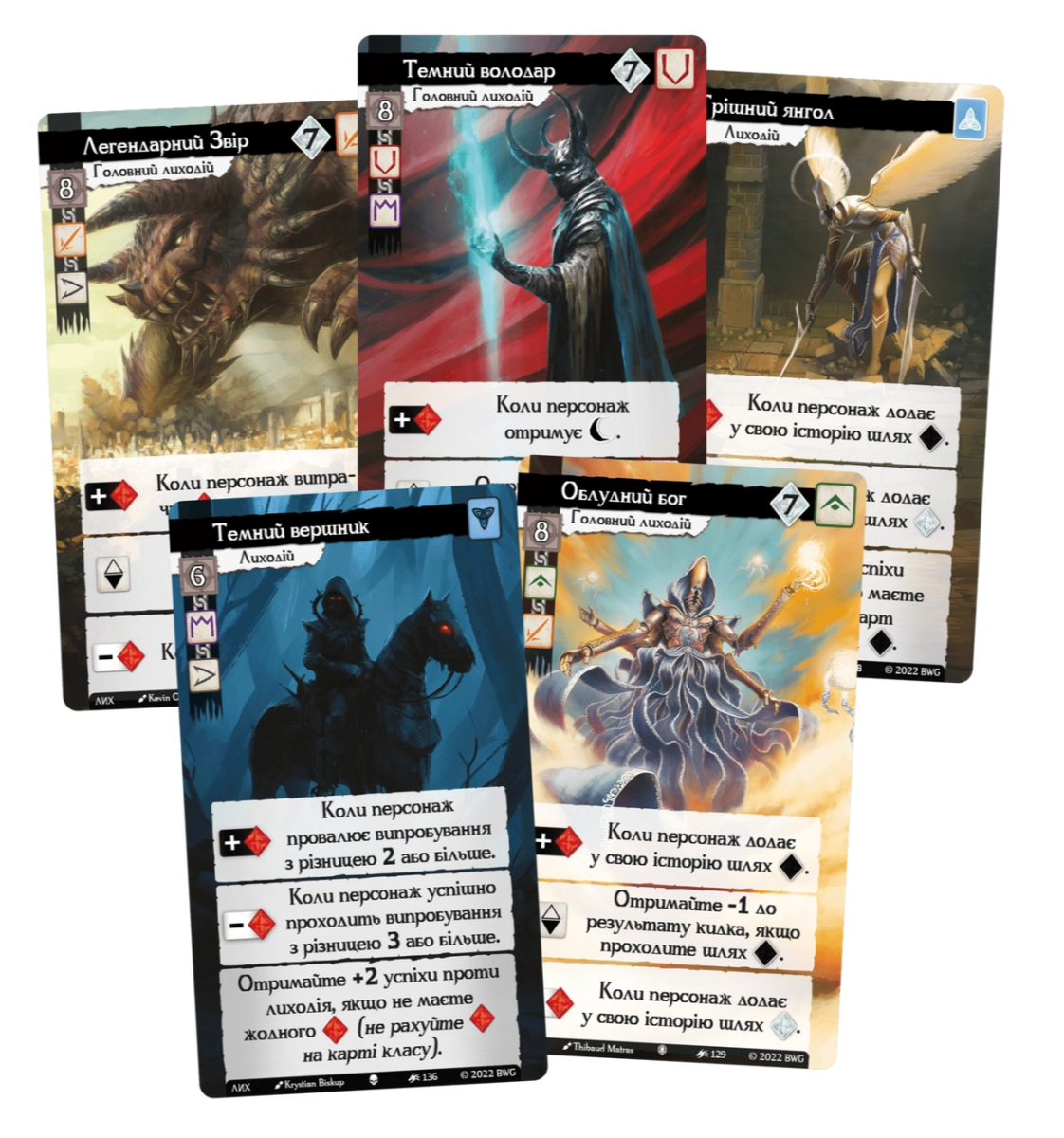 В ходе игры злодей будет мешать игрокам одержать победу. Каждый раз когда игрок выбрасывает руну «героя / антигероя», злодей разыгрывает карту проклятия. Бросив вызов злодею, игрок проходит карту испытания «Злодей». Когда все игроки бросят вызов злодею, карта переворачивается стороной «Главный злодей». «Главного злодея» проходят в акте ІІІ так же, как и «Злодея». Одолев «Главного злодея», игроки суммируют очки судьбы.
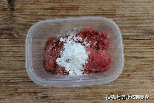步驟1:將200g牛肉放入水中清洗,簡單的清洗乾淨之後就將牛肉切成薄片,並且將切好的肉放入碗中,然後放入調料開始醃制。倒入半湯匙醬油,適量鹽,1茶匙胡椒粉,適量生粉,1湯匙料酒,適量糖,接著用手將牛肉快速的抓勻,並且將牛肉蓋上保鮮膜醃制上20分鐘。
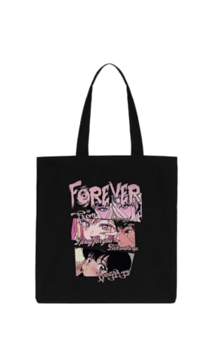 Generic - شنطة يد كبيرة توت بتصميم بنت انيمي لطيفة، لون أسود 2
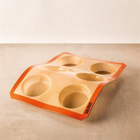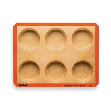 Génoises, fonds de tartelettes, meringues, flans, gratins, clafoutis, mini-pizzas… les idées sont nombreuses pour régaler petits et grands grâce à cette gamme dont fait partie le moule 6 grands ronds Silpat. Celui-ci résiste à des températures allant de -40°C à +260°C, passe au four et au congélateur sans se déformer, grâce à sa conception de qualité professionnelle. Il confectionne jusqu’à 6 gâteaux de 10 cm de diamètre et de 3,5 cm de hauteur.
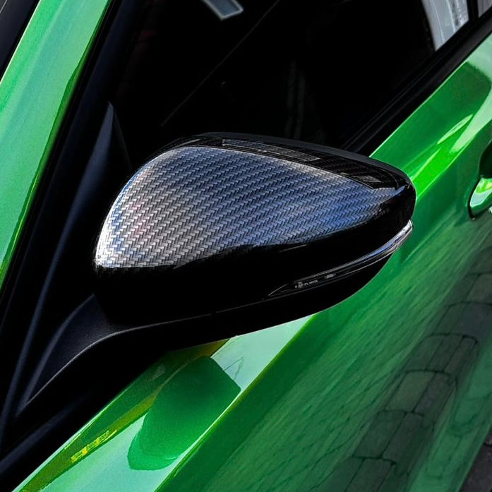 A pair of replacement mirror caps professionally painted in Gloss Black or finished in our Carbon Fibre hydrodip.
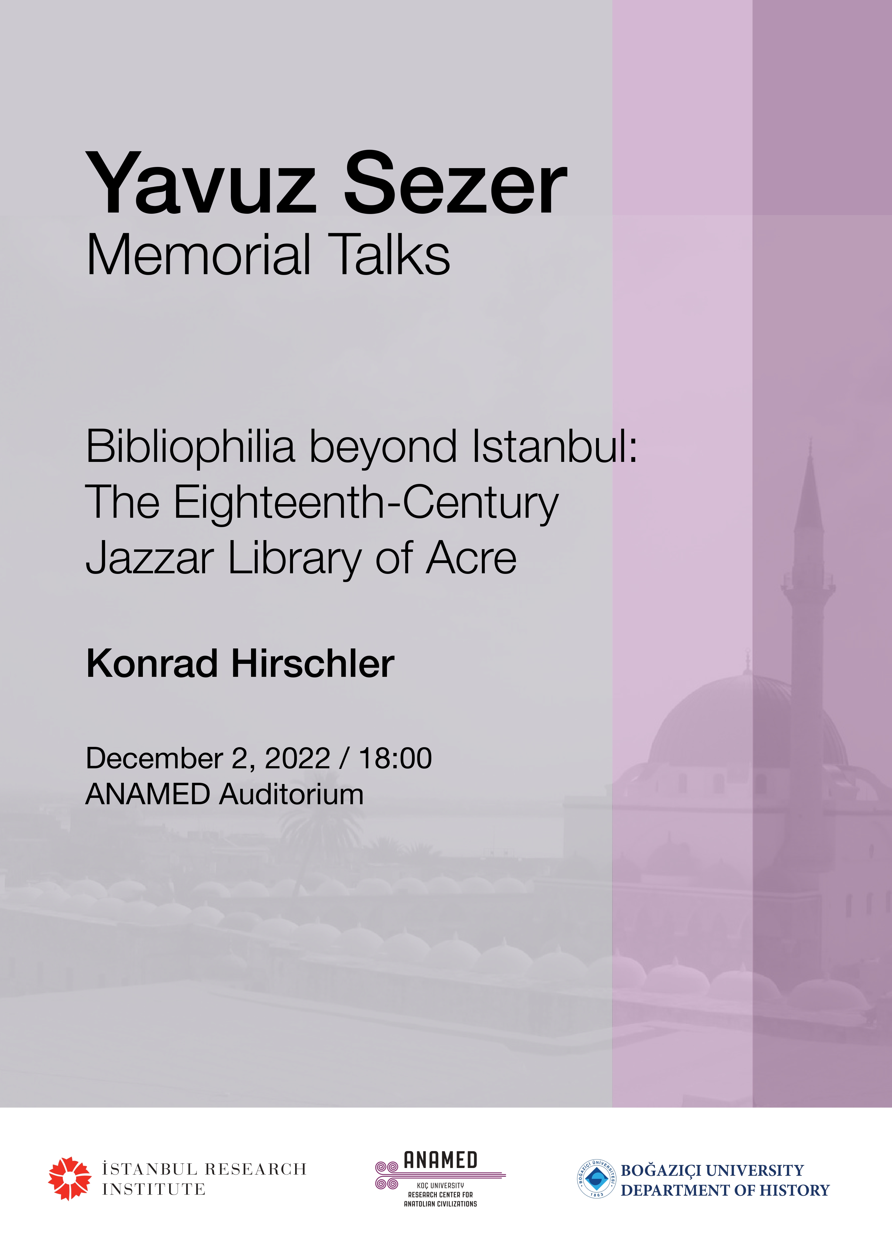 Department of History cordially invites you to Yavuz Sezer Memorial Talks. This year’s talk titled "Bibliophilia Beyond Istanbul: The Eighteenth-Century Jazzar Library of Acre" will be delivered by Konrad Hirschler, on December 2, 2022, at 18:00. The event will take place at ANAMED Auditorium.
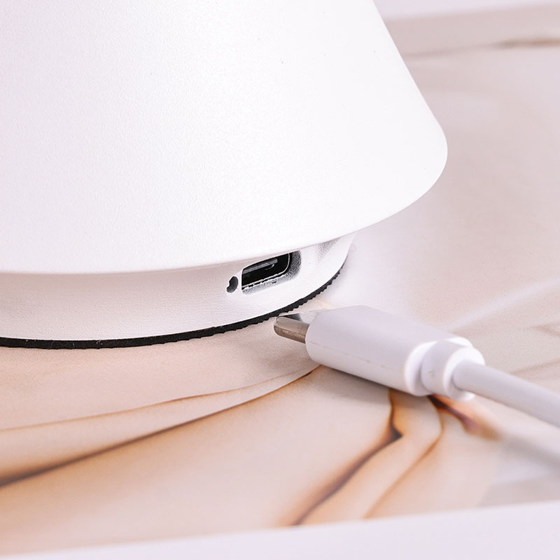 Қайта зарядталатын батареясы бар жаңадан жасалған жарықдиодты үстел шамы шамның негізін артқы жағында USB типті c бар
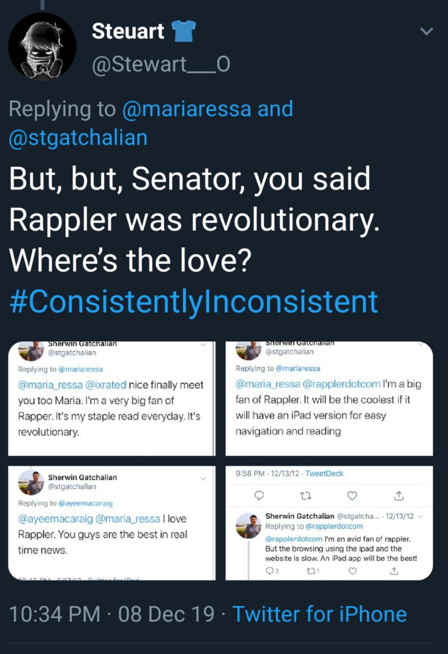 Doble-kara pala si Senator Sherwin, dati love niya ang Rappler is. Hehehe! You can check the thread sa link na ito. Grabe sunog-sunog ang senador.
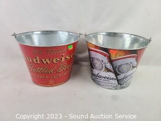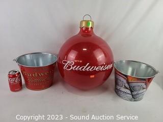 Lot #0122: 2 Budweiser Pails & Large Plastic Ornaments
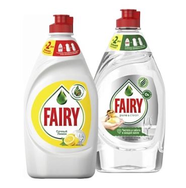 Средство для мытья посуды Фейри эффективно удаляет жир даже в холодной воде. Оно придаёт посуде блеск без разводов.
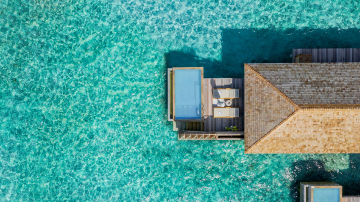 Ocean Pool villa 101-120 nm, vízi bungaló (cölöpökön a lagúnán), kilátással a tengerre, nappali/hálószoba, zuhanyzó, kültéri kád, kültéri zuhanyzó, wc, hajszárító, fapadló, légkondicionálás, ventilátor, minibár térítés ellenében, széf, TV, WiFi, vízforraló, kávéfőző, kávé/tea, terasz (bútorozott), közvetlen kijárat a tengerhez, saját medence
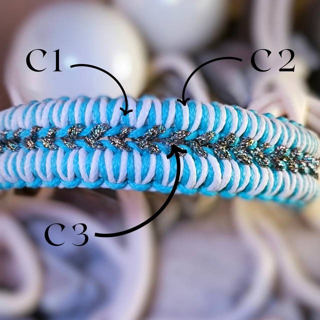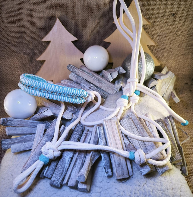 Sa muserolle large (3cm) mêle le blanc neige, le bleu intense et des touches argentées, comme des cristaux scintillants au soleil.
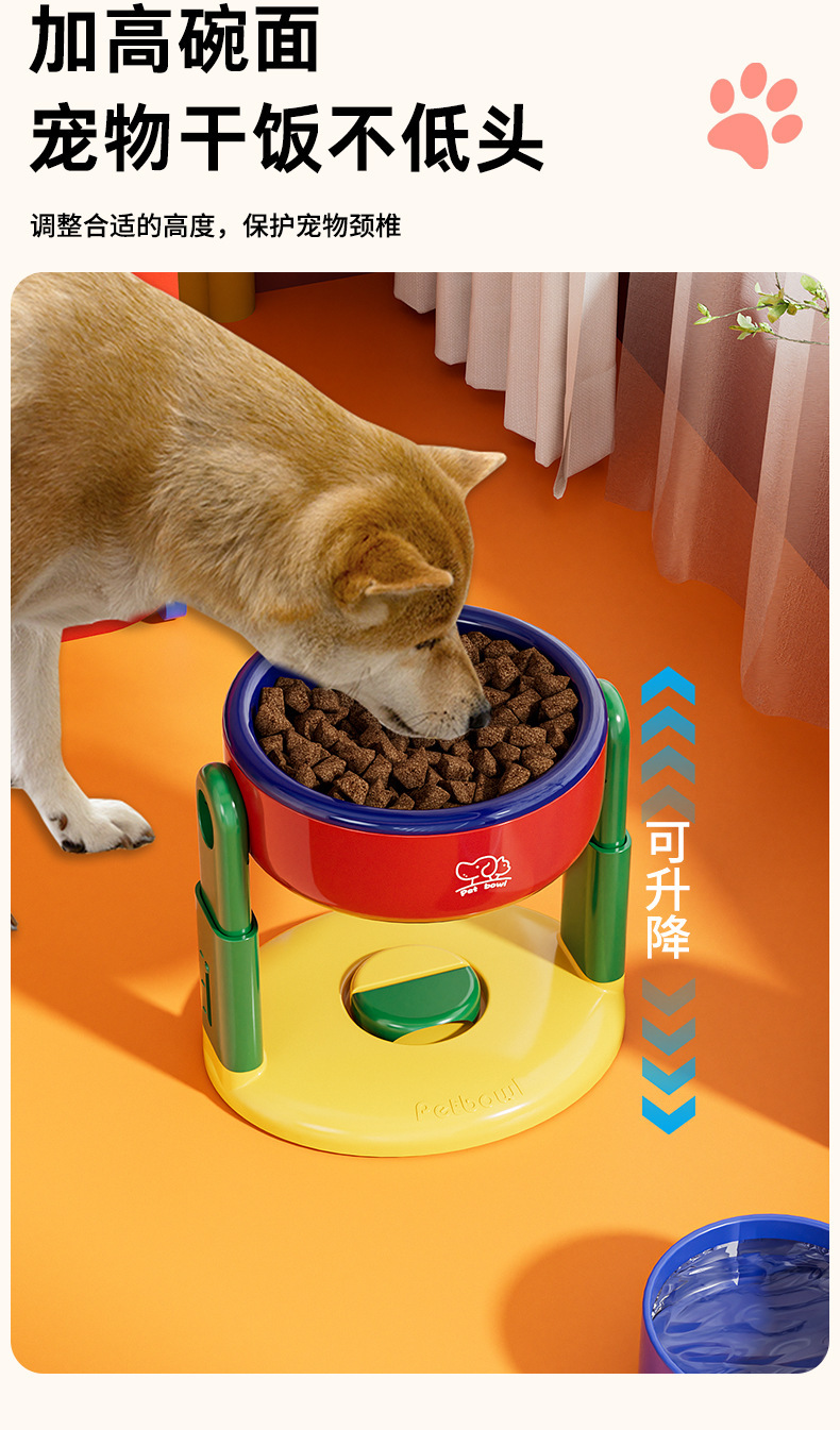 고양이 그릇, 개 그릇, 흡입 컵, 조절 가능한 대구경 애완 동물 그릇, 두꺼운, 넘어짐 방지, 목 보호대, 리프팅 가능한 경사진 입과 높은 다리스토어 가기

+===+

Problem statement: For the entries above, print exactly the lines between the one with "Génoises, fonds de" and the one with "Lot #0122: 2", inclusive, with no pictures.

Exercise result:
 Génoises, fonds de tartelettes, meringues, flans, gratins, clafoutis, mini-pizzas… les idées sont nombreuses pour régaler petits et grands grâce à cette gamme dont fait partie le moule 6 grands ronds Silpat. Celui-ci résiste à des températures allant de -40°C à +260°C, passe au four et au congélateur sans se déformer, grâce à sa conception de qualité professionnelle. Il confectionne jusqu’à 6 gâteaux de 10 cm de diamètre et de 3,5 cm de hauteur.
 A pair of replacement mirror caps professionally painted in Gloss Black or finished in our Carbon Fibre hydrodip.
 Department of History cordially invites you to Yavuz Sezer Memorial Talks. This year’s talk titled "Bibliophilia Beyond Istanbul: The Eighteenth-Century Jazzar Library of Acre" will be delivered by Konrad Hirschler, on December 2, 2022, at 18:00. The event will take place at ANAMED Auditorium.
 Қайта зарядталатын батареясы бар жаңадан жасалған жарықдиодты үстел шамы шамның негізін артқы жағында USB типті c бар
 Doble-kara pala si Senator Sherwin, dati love niya ang Rappler is. Hehehe! You can check the thread sa link na ito. Grabe sunog-sunog ang senador.
 Lot #0122: 2 Budweiser Pails & Large Plastic Ornaments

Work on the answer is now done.